→ Required action: Leave out the pictures and transcribe the rest of the records exactly.

──────────────────────────────

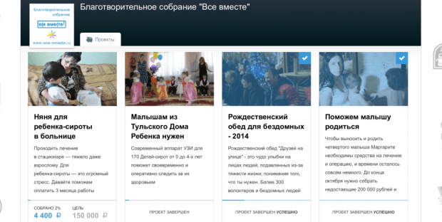 На платформе Planeta.ru собрание «Все вместе» запустило много разных проектов, почти все из которых закончились успехом — благодаря поддержке доноров в школе-интернате в Кировской области появился Интернет, «Все вместе» помогли бездомным, детям в детских домах и маленьким посетителям библиотек.
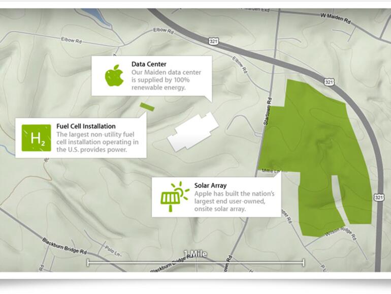 Wie Bloomberg berichtet habe Apple den Umstieg auf Solarstrom, Windkraft, Erdwärme und Biogas für die Datenfarm in Maiden im US-amerikanischen Bundesstaat North Carolina vollzogen. Fossile Brennstofe kommen laut Apple für die iTunes-, iCloud-, und iMessage-Server inzwischen nicht mehr zum Einsatz. Das derzeit noch im Bau befindliche Datenzentrum in Prinveville im US-Bundesstaat Oregon wird bei Fertigstellung ebenfalls aus erneuerbaren Energien gespeist.
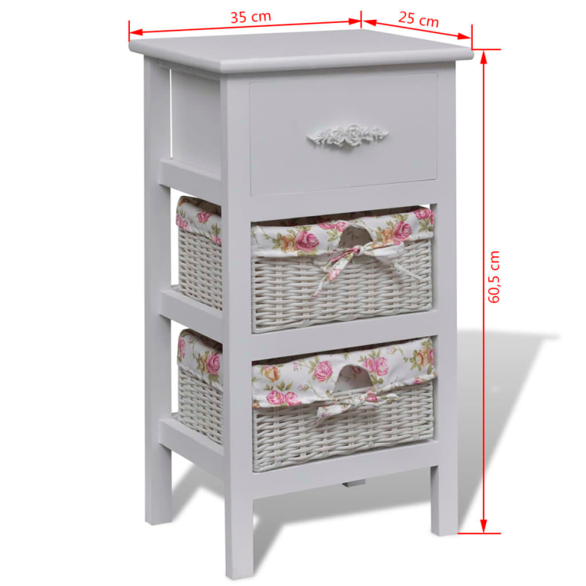 This wooden cabinet with one drawer and two baskets, made of high-quality wood, has a simple, yet stylish design. It will not only hold your things but also add a romantic touch to your decor. With one drawer and two baskets, this durable wooden cabinet has ample room for storing your valuables. Its wooden frame has a sturdy top panel on which you can put decorative items. Our wooden cabinet will be an eye-catcher in any room.
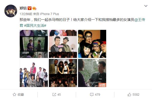郑恺晒与王传君合照:介绍一下和我搭档最多的女演员
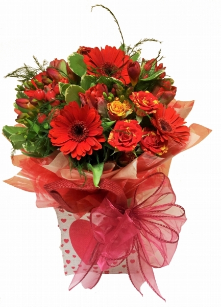 Hearts and Flowers Aqua Bag £36.50 Add to Basket SKU: HAFAB01 This pretty hand tied aqua bag contains gerbera, tulips, spray roses, freesia and hypericum with coordinating foliage and a voile bow in a coordinating heart bag. Message: Alternative Products Forever Love Aqua Bag £38.50 Buy Info With a Twist Aqua Box £45.00 Buy Info

──────────────────────────────

→ Output for this task:
 На платформе Planeta.ru собрание «Все вместе» запустило много разных проектов, почти все из которых закончились успехом — благодаря поддержке доноров в школе-интернате в Кировской области появился Интернет, «Все вместе» помогли бездомным, детям в детских домах и маленьким посетителям библиотек.
 Wie Bloomberg berichtet habe Apple den Umstieg auf Solarstrom, Windkraft, Erdwärme und Biogas für die Datenfarm in Maiden im US-amerikanischen Bundesstaat North Carolina vollzogen. Fossile Brennstofe kommen laut Apple für die iTunes-, iCloud-, und iMessage-Server inzwischen nicht mehr zum Einsatz. Das derzeit noch im Bau befindliche Datenzentrum in Prinveville im US-Bundesstaat Oregon wird bei Fertigstellung ebenfalls aus erneuerbaren Energien gespeist.
 This wooden cabinet with one drawer and two baskets, made of high-quality wood, has a simple, yet stylish design. It will not only hold your things but also add a romantic touch to your decor. With one drawer and two baskets, this durable wooden cabinet has ample room for storing your valuables. Its wooden frame has a sturdy top panel on which you can put decorative items. Our wooden cabinet will be an eye-catcher in any room.
郑恺晒与王传君合照:介绍一下和我搭档最多的女演员
 Hearts and Flowers Aqua Bag £36.50 Add to Basket SKU: HAFAB01 This pretty hand tied aqua bag contains gerbera, tulips, spray roses, freesia and hypericum with coordinating foliage and a voile bow in a coordinating heart bag. Message: Alternative Products Forever Love Aqua Bag £38.50 Buy Info With a Twist Aqua Box £45.00 Buy Info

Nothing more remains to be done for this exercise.